Attempt #10. After a good night’s sleep, it was time for more fun. The RAID array had successfully fixed itself overnight, so crossing my fingers I rebooted the machine. My heart sunk when I was greeted with lines and lines of warnings about disk overflow errors. But wait, those were for the extra partition on Disk #1 (remember only the first 60GB are used in the RAID array, leaving 20GB free). Once the cruft had cleared, the machine managed to boot all the way to the Fedora 8 welcome screen. Hallelujah! Of course a fair bit was broken, including the DNS server, which meant at least a few hours in BIND hell (BIND and I simply don’t get along). But first things first.

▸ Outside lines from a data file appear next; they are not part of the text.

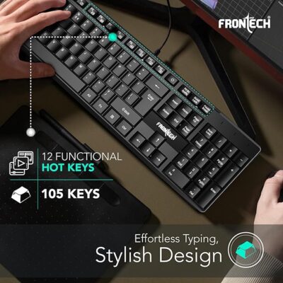 FRONTECH Multimedia USB Wired Keyboard, 105 Keys, 12 Hot Keys, Ergonomic Design with Adjustable Clips, Soft & Laser Printed Keys, Plug and Play (KB-1671)
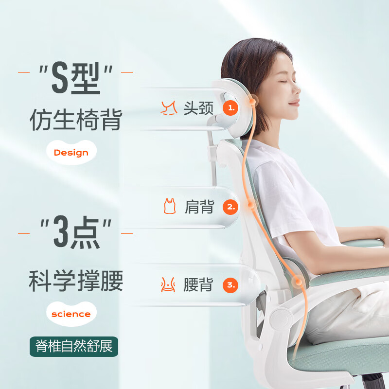仿生椅背设计,吻合身体自然脊椎曲度,头颈、肩背、腰部,均可得到妥帖的支撑感 久坐状态,脊椎也能自然舒展。分解支撑力量,腰部强受力,背部软贴合腰背分离工学设计,可以更好满足对腰椎的支撑,需求减少因腰部受力不足起的不适问题。
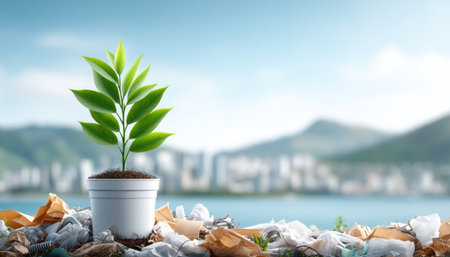 Young green plant white pot grows amid litter shoreline, hopeful environmental concept blending nature recovery and urban backdrop with soft

However, I was worried about the disk overflow errors. For some reason, the kernel thought the 20GB partition was smaller that it really was. A bit of Googling turned up a couple of potential causes and solutions, but none worked. So back to fdisk. I figured the best course of action was to just delete the 2nd partition and recreate it.

Attempt #11. After recreating the problem partition, it was time to reboot the machine. And of course back to my old friend GRUB. I have no idea how I ended up back there, but clearly old flings die slowly. But at this point I was an old hand at moving on, and rescue disk in hand, it was time to work some magic at the grub prompt. And to be on the safe-side, I Googled around a bit more to see if somehow I had mistakenly configured GRUB with RAID and could kick this habit once and for all. Fortunately, I turned up this gem of an article and promptly changed things around based on its recommendations.

Attempt #12. And finally, one day later, a clean boot to Fedora 8 (minus of course BIND being unhappy).

Denouement

It beats me how any normal person manages to maintain their own Linux system – I only succeed through sheer determination and stubbornness. I realize that Fedora recommends a clean install with each new version, but to do that without losing your personal data and system configuration takes knowledge and effort beyond almost anyone who lives on this planet, including myself. So overall – I give Fedora an F for its horribly broken upgrade program.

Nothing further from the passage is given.